I remember when road trips were a constant struggle to tune the AM radio in search of a station with decent music or if we were lucky, the Pirates game. Fortunately, the airwaves weren’t that crowded and KDKA had the power (it seemed) to reach halfway around the world. Then, sometime in the late 60’s, my father bought an 8-Track player for the car. Suddenly we had music. Our own music. Music that we could carry with us and control. 8-Track wasn’t the best quality sound, but it was way better than an AM radio signal drifting in and out of the static as we traveled from western PA to central Virginia.

On the first vacation drive with that 8-Track player, my dad decided that we would alternate choices between our favorite tapes. Dad cheated by bringing a 90-minute tape – “The Patsy Cline Story” which may have started my love affair with country music (I still sometimes get “Walkin’ After Midnight” stuck in my head). I had two Neil Diamond tapes that I had picked up in a bargain bin, the album with “Cherry Cherry and “Brother Loves Traveling Salvation Show.” Mom had some musicals. Dad also had a 90-minute country / bluegrass mix-tape a friend had made for him.

I was still listening to 8-track tapes when I moved from NY to Seattle in 1977. Although cassette tapes had started to rule the world of portable music, I stuck with 8-Tracks until I got rid of my Pontiac Catalina in 1979. Auto tape players were expensive, time consuming to install and if you switched formats, you had to replace your music.

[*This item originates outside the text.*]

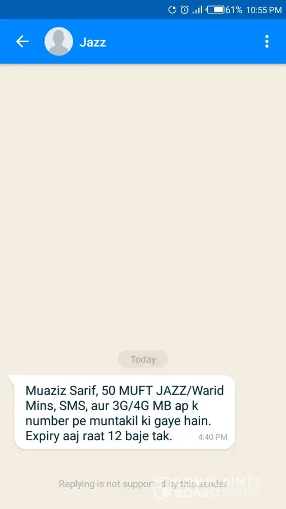 Muaziz Sarif, 50 MUFT JAZZ/Warid Mins, SMS, aur 3G/4G MB ap k number pe muntakil ki gaye hain. Expiry aaj raat 12 baje tak.(at 4:40pm).

Trust me, if you’re driving across Nebraska, you don’t care about
the form-factor of the music, you just crank it up to keep you awake.

Four years later, as I moved back east, driving across Canada and the Canadian version of Nebraska, the car was a 1979 Triumph Spitfire, the media was cassettes and 70’s rock was the music of choice.

Cassettes piled up in the 80’s and coexisted imagealongside my CD’s through the 90’s because I had a cassette player in my truck and I had that truck for over 10 years. Pickup trucks are made for country music. I had lots of country music mix-tapes and country favorites like Highway 101 Greatest hits. On the road trip through Washington State that my daughter wrote about, Faith and I listened to that tape so many times as we tried to put the songs in order of the relationship that must have inspired them. The worst mistake ever was when that band’s founder, Paulette Carlson got all cocky and decided to start her lackluster solo career. I guess that happens a lot in music.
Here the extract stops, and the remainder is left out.